Items from a data source:
..............................

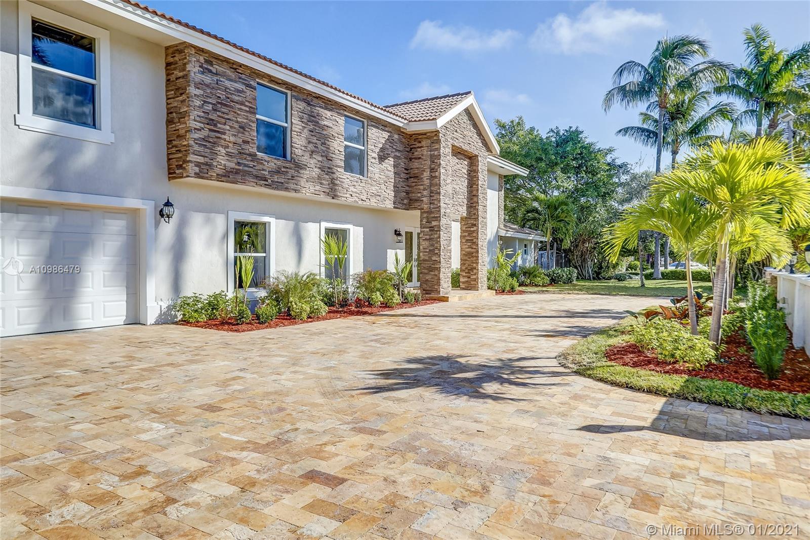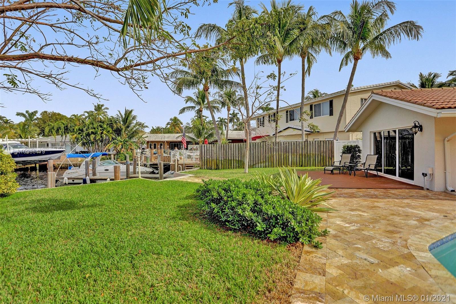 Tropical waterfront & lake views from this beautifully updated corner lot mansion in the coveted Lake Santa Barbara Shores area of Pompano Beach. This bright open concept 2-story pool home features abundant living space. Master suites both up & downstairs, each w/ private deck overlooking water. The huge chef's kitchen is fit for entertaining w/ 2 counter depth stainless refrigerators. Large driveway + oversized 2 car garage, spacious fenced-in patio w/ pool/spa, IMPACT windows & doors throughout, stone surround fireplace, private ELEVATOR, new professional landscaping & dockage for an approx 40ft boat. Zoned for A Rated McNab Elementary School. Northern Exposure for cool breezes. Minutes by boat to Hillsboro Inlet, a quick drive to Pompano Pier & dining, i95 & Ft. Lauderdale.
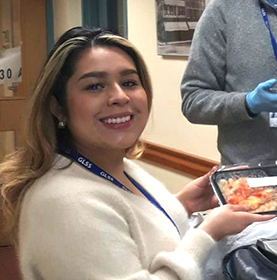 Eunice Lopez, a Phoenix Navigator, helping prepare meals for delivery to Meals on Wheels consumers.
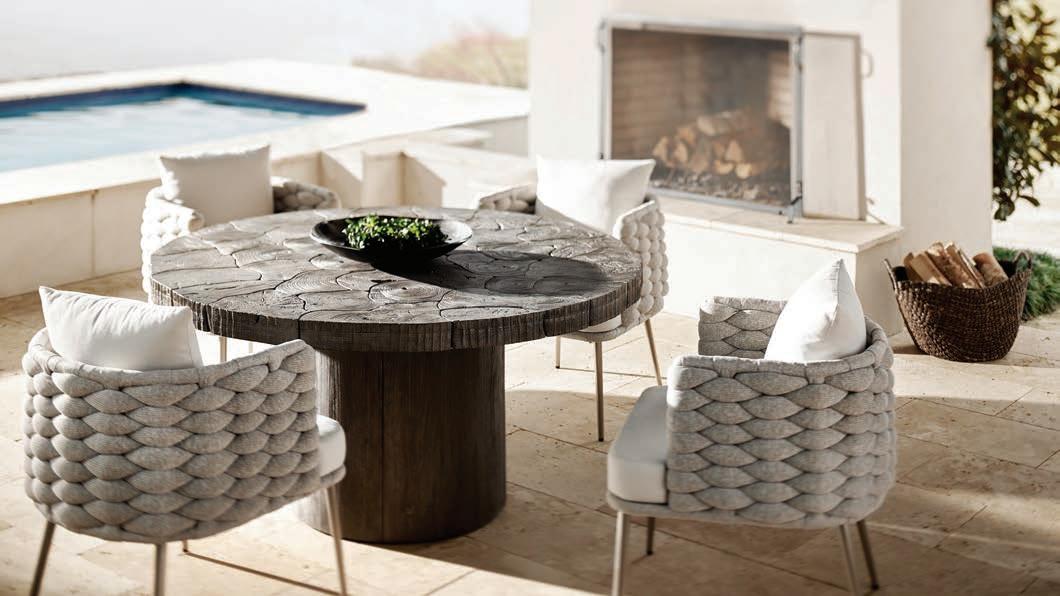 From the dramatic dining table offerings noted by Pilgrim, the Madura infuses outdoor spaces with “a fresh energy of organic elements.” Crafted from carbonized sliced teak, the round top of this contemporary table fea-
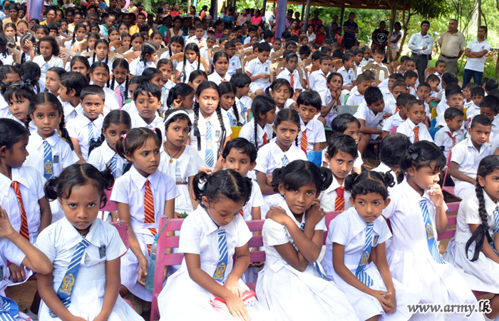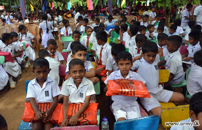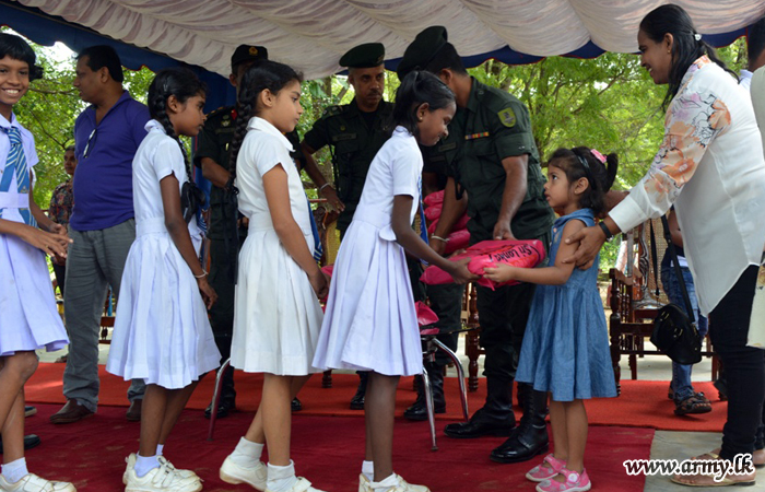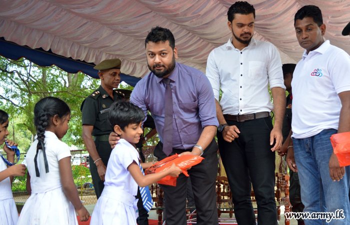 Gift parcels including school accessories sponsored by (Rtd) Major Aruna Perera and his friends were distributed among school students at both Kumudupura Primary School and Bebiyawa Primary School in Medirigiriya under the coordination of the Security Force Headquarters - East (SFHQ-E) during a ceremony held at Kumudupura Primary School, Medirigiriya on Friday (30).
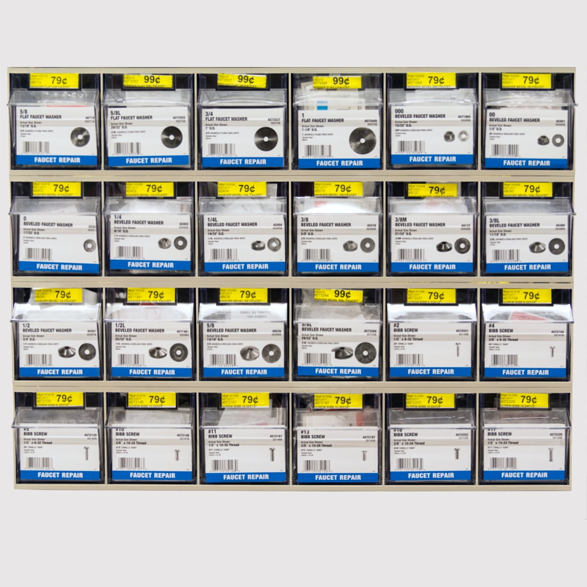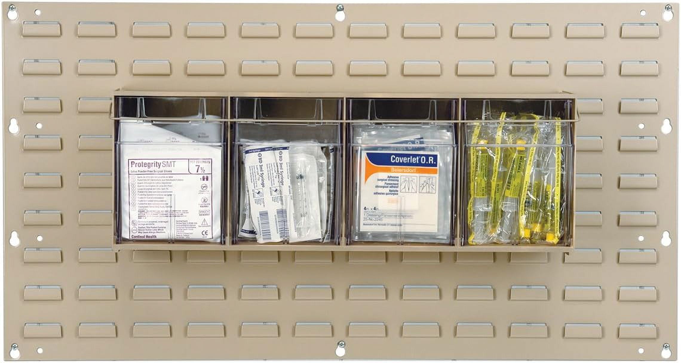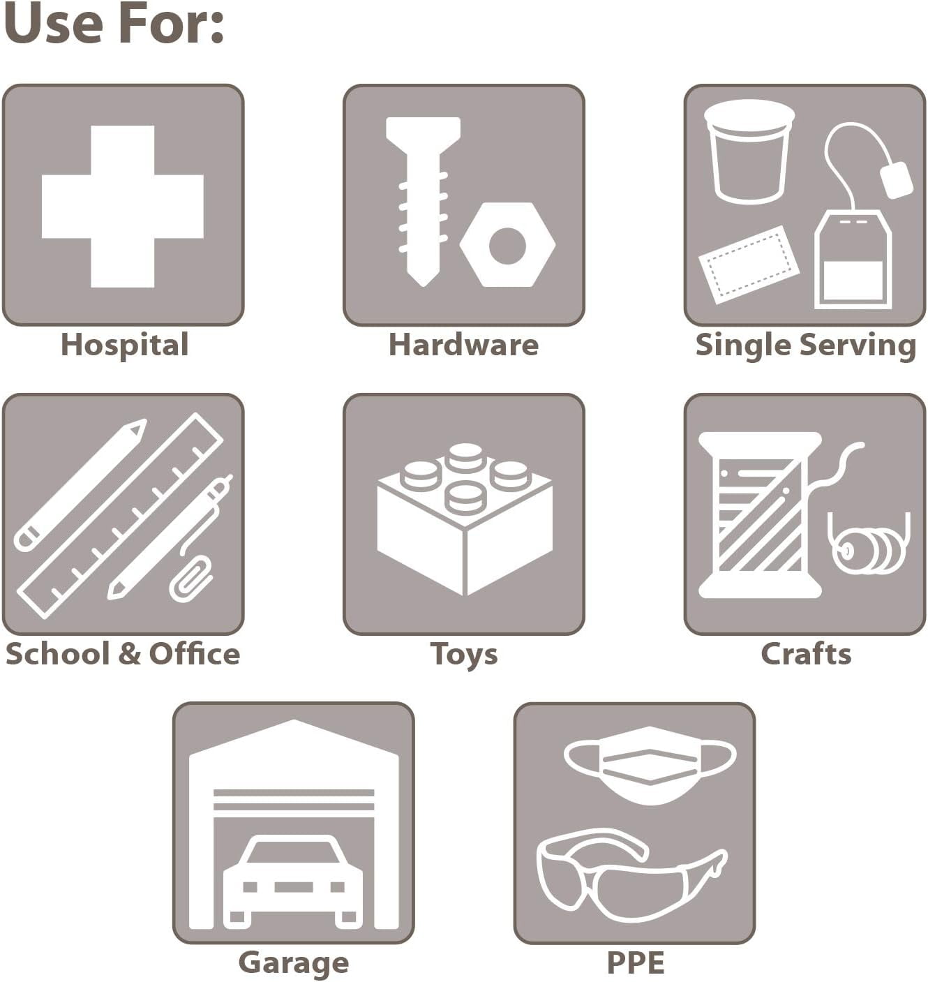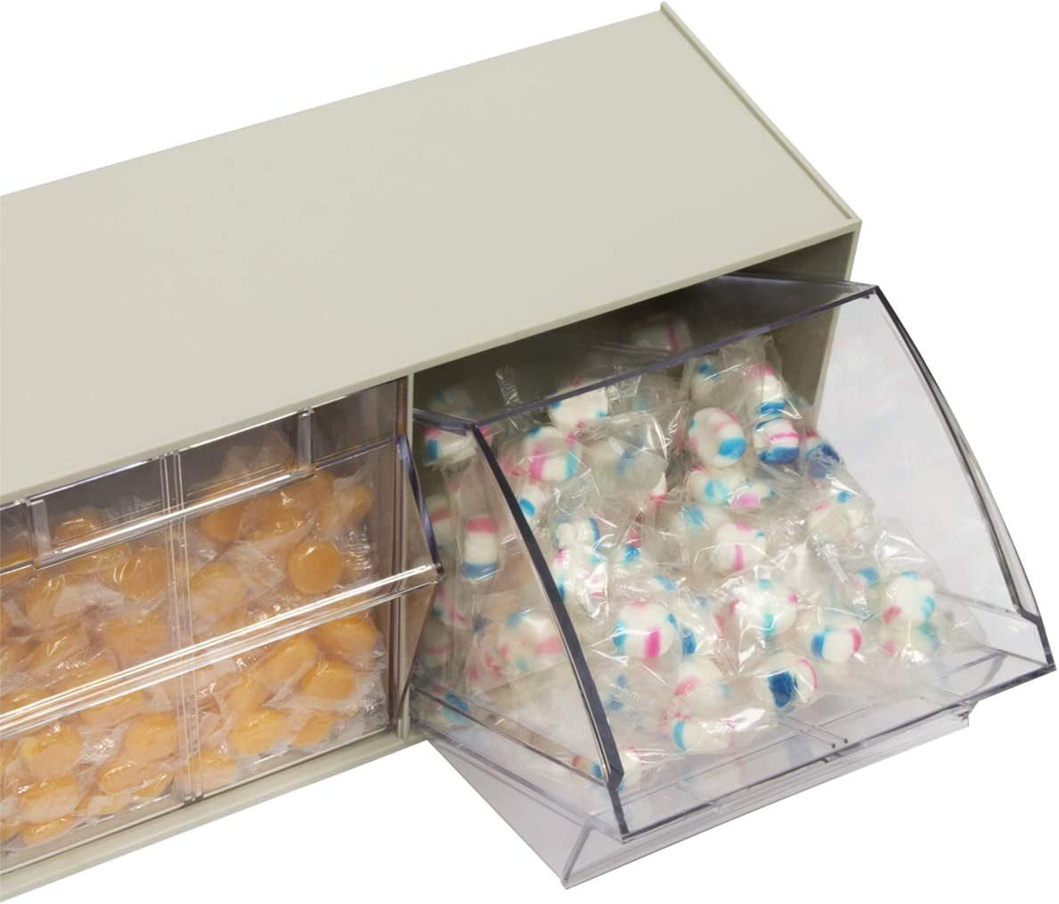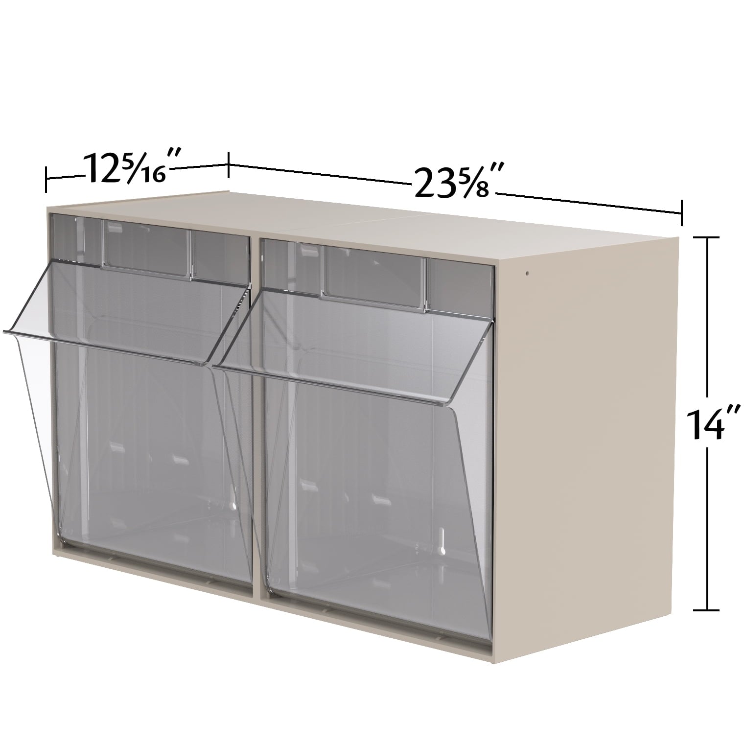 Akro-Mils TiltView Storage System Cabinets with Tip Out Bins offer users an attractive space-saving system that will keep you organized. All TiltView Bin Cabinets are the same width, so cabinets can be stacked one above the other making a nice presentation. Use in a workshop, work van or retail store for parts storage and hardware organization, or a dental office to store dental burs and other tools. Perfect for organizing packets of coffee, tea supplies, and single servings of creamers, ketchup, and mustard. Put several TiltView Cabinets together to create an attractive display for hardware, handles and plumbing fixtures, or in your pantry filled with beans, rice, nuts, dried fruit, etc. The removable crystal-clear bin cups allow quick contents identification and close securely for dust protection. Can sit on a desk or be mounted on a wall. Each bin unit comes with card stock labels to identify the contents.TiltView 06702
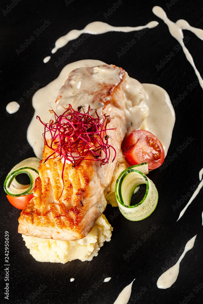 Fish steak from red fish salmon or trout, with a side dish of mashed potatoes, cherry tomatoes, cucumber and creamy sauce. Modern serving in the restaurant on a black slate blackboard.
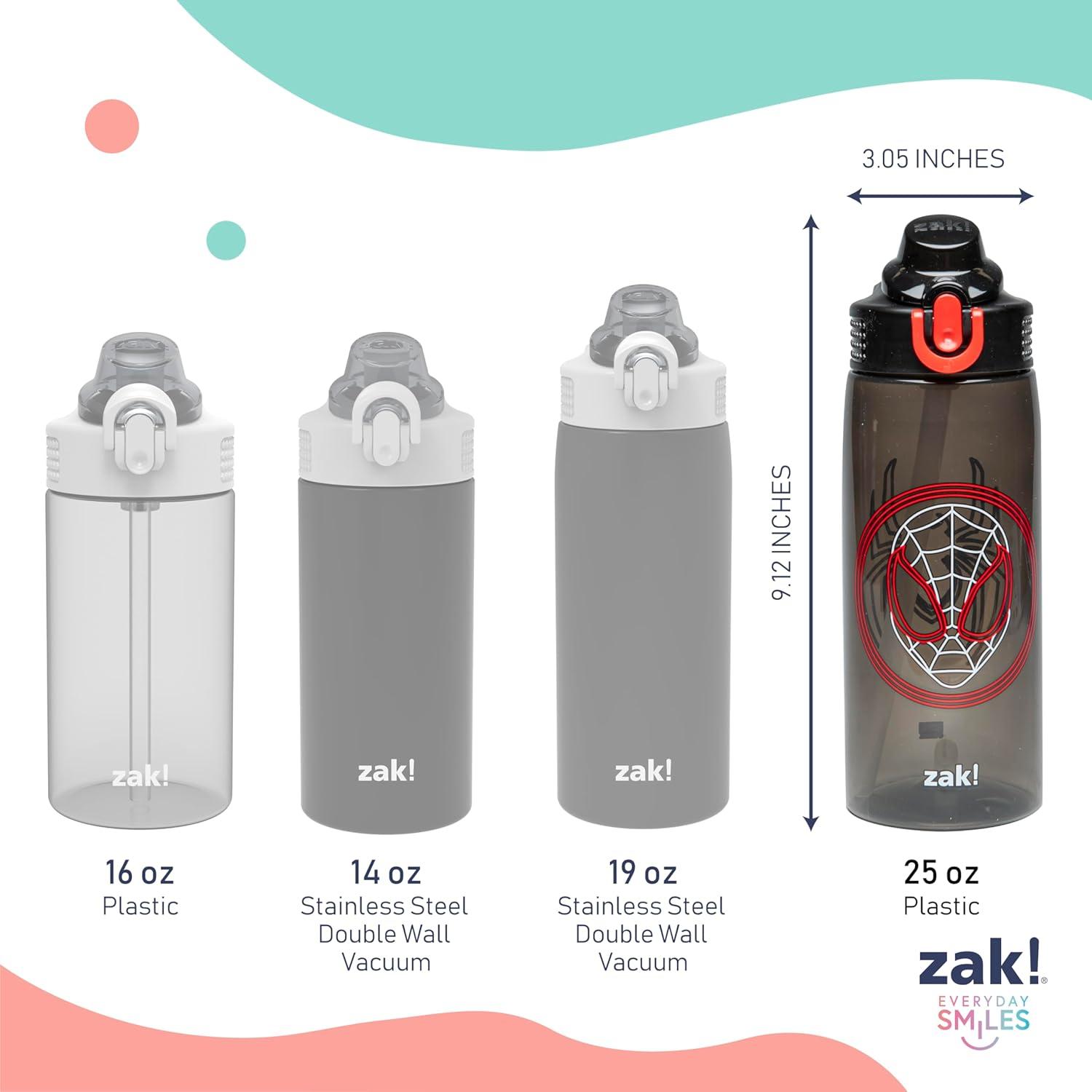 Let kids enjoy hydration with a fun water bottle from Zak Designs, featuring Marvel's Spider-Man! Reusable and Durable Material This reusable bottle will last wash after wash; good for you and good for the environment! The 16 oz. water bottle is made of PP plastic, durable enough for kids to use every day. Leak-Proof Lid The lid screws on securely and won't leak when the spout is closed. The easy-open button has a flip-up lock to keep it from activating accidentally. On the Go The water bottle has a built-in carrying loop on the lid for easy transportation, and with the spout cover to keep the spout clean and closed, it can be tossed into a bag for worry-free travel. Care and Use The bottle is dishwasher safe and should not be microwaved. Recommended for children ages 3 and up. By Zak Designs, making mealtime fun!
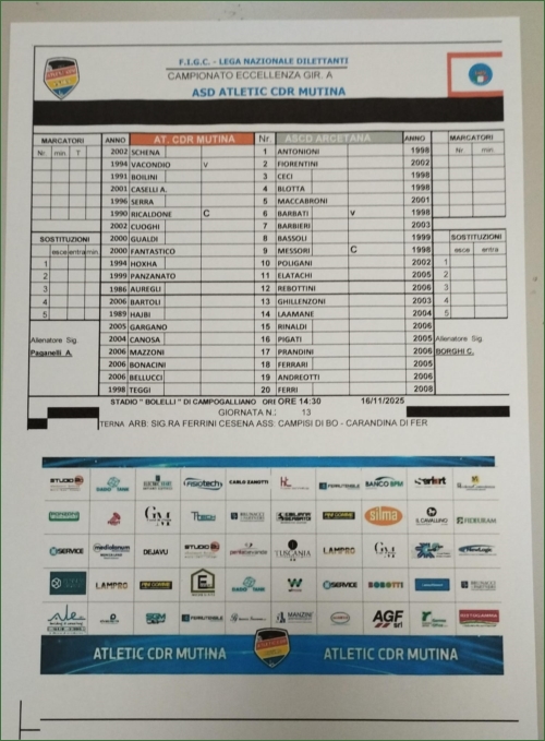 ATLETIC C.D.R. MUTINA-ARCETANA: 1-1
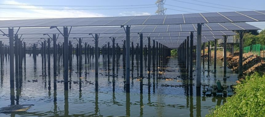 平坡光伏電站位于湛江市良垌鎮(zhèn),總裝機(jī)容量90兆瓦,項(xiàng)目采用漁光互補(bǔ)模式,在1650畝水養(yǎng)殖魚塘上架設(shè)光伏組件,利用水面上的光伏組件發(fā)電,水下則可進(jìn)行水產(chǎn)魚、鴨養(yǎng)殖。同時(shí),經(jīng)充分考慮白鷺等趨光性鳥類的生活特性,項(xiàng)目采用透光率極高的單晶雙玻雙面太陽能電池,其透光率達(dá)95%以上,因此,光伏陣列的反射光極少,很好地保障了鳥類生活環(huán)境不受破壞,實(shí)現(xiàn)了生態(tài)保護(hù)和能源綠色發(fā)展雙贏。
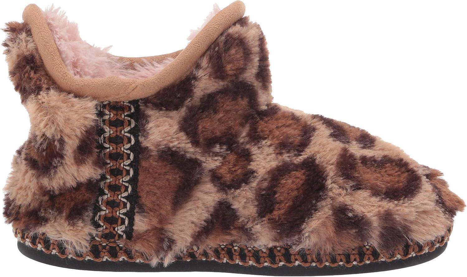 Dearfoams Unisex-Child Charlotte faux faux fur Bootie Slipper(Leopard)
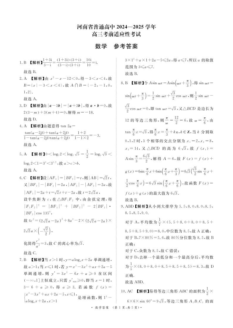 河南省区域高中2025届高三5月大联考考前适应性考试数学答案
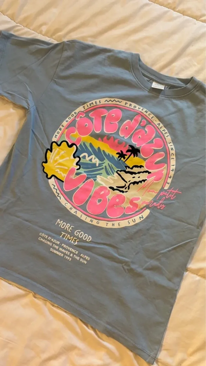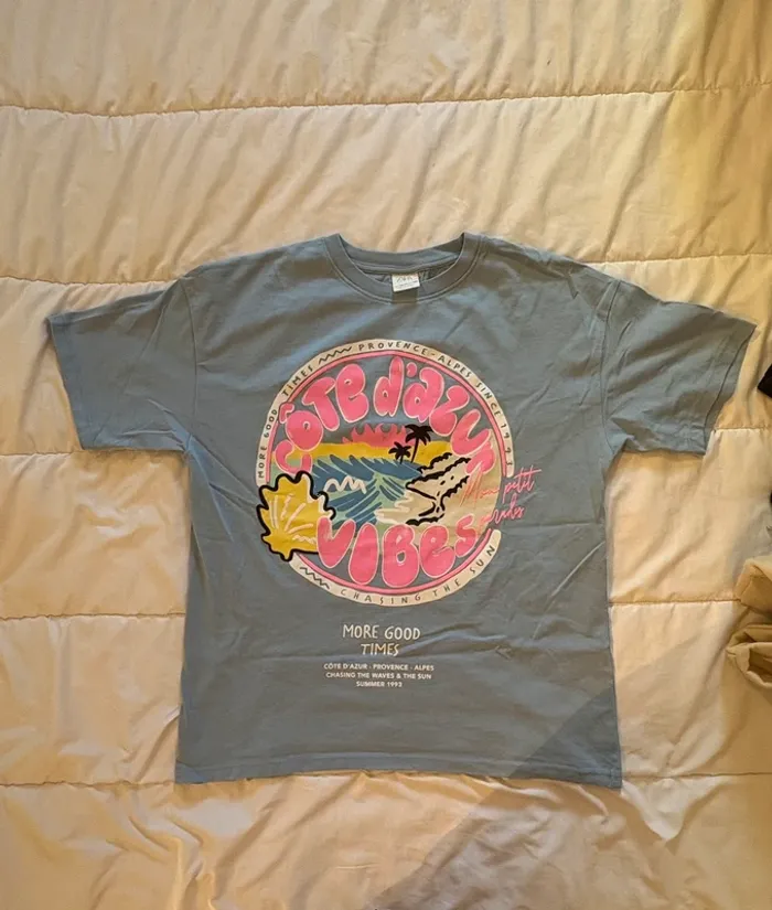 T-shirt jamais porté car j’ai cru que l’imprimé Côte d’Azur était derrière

..............................

## Exercise instructions:
What is needed is the data above, retyped exactly, with every picture left out.

## Answer for this exercise:
 Tropical waterfront & lake views from this beautifully updated corner lot mansion in the coveted Lake Santa Barbara Shores area of Pompano Beach. This bright open concept 2-story pool home features abundant living space. Master suites both up & downstairs, each w/ private deck overlooking water. The huge chef's kitchen is fit for entertaining w/ 2 counter depth stainless refrigerators. Large driveway + oversized 2 car garage, spacious fenced-in patio w/ pool/spa, IMPACT windows & doors throughout, stone surround fireplace, private ELEVATOR, new professional landscaping & dockage for an approx 40ft boat. Zoned for A Rated McNab Elementary School. Northern Exposure for cool breezes. Minutes by boat to Hillsboro Inlet, a quick drive to Pompano Pier & dining, i95 & Ft. Lauderdale.
 Eunice Lopez, a Phoenix Navigator, helping prepare meals for delivery to Meals on Wheels consumers.
 From the dramatic dining table offerings noted by Pilgrim, the Madura infuses outdoor spaces with “a fresh energy of organic elements.” Crafted from carbonized sliced teak, the round top of this contemporary table fea-
 Gift parcels including school accessories sponsored by (Rtd) Major Aruna Perera and his friends were distributed among school students at both Kumudupura Primary School and Bebiyawa Primary School in Medirigiriya under the coordination of the Security Force Headquarters - East (SFHQ-E) during a ceremony held at Kumudupura Primary School, Medirigiriya on Friday (30).
 Akro-Mils TiltView Storage System Cabinets with Tip Out Bins offer users an attractive space-saving system that will keep you organized. All TiltView Bin Cabinets are the same width, so cabinets can be stacked one above the other making a nice presentation. Use in a workshop, work van or retail store for parts storage and hardware organization, or a dental office to store dental burs and other tools. Perfect for organizing packets of coffee, tea supplies, and single servings of creamers, ketchup, and mustard. Put several TiltView Cabinets together to create an attractive display for hardware, handles and plumbing fixtures, or in your pantry filled with beans, rice, nuts, dried fruit, etc. The removable crystal-clear bin cups allow quick contents identification and close securely for dust protection. Can sit on a desk or be mounted on a wall. Each bin unit comes with card stock labels to identify the contents.TiltView 06702
 Fish steak from red fish salmon or trout, with a side dish of mashed potatoes, cherry tomatoes, cucumber and creamy sauce. Modern serving in the restaurant on a black slate blackboard.
 Let kids enjoy hydration with a fun water bottle from Zak Designs, featuring Marvel's Spider-Man! Reusable and Durable Material This reusable bottle will last wash after wash; good for you and good for the environment! The 16 oz. water bottle is made of PP plastic, durable enough for kids to use every day. Leak-Proof Lid The lid screws on securely and won't leak when the spout is closed. The easy-open button has a flip-up lock to keep it from activating accidentally. On the Go The water bottle has a built-in carrying loop on the lid for easy transportation, and with the spout cover to keep the spout clean and closed, it can be tossed into a bag for worry-free travel. Care and Use The bottle is dishwasher safe and should not be microwaved. Recommended for children ages 3 and up. By Zak Designs, making mealtime fun!
 ATLETIC C.D.R. MUTINA-ARCETANA: 1-1
 平坡光伏電站位于湛江市良垌鎮(zhèn),總裝機(jī)容量90兆瓦,項(xiàng)目采用漁光互補(bǔ)模式,在1650畝水養(yǎng)殖魚塘上架設(shè)光伏組件,利用水面上的光伏組件發(fā)電,水下則可進(jìn)行水產(chǎn)魚、鴨養(yǎng)殖。同時(shí),經(jīng)充分考慮白鷺等趨光性鳥類的生活特性,項(xiàng)目采用透光率極高的單晶雙玻雙面太陽能電池,其透光率達(dá)95%以上,因此,光伏陣列的反射光極少,很好地保障了鳥類生活環(huán)境不受破壞,實(shí)現(xiàn)了生態(tài)保護(hù)和能源綠色發(fā)展雙贏。
 Dearfoams Unisex-Child Charlotte faux faux fur Bootie Slipper(Leopard)
 河南省区域高中2025届高三5月大联考考前适应性考试数学答案
 T-shirt jamais porté car j’ai cru que l’imprimé Côte d’Azur était derrière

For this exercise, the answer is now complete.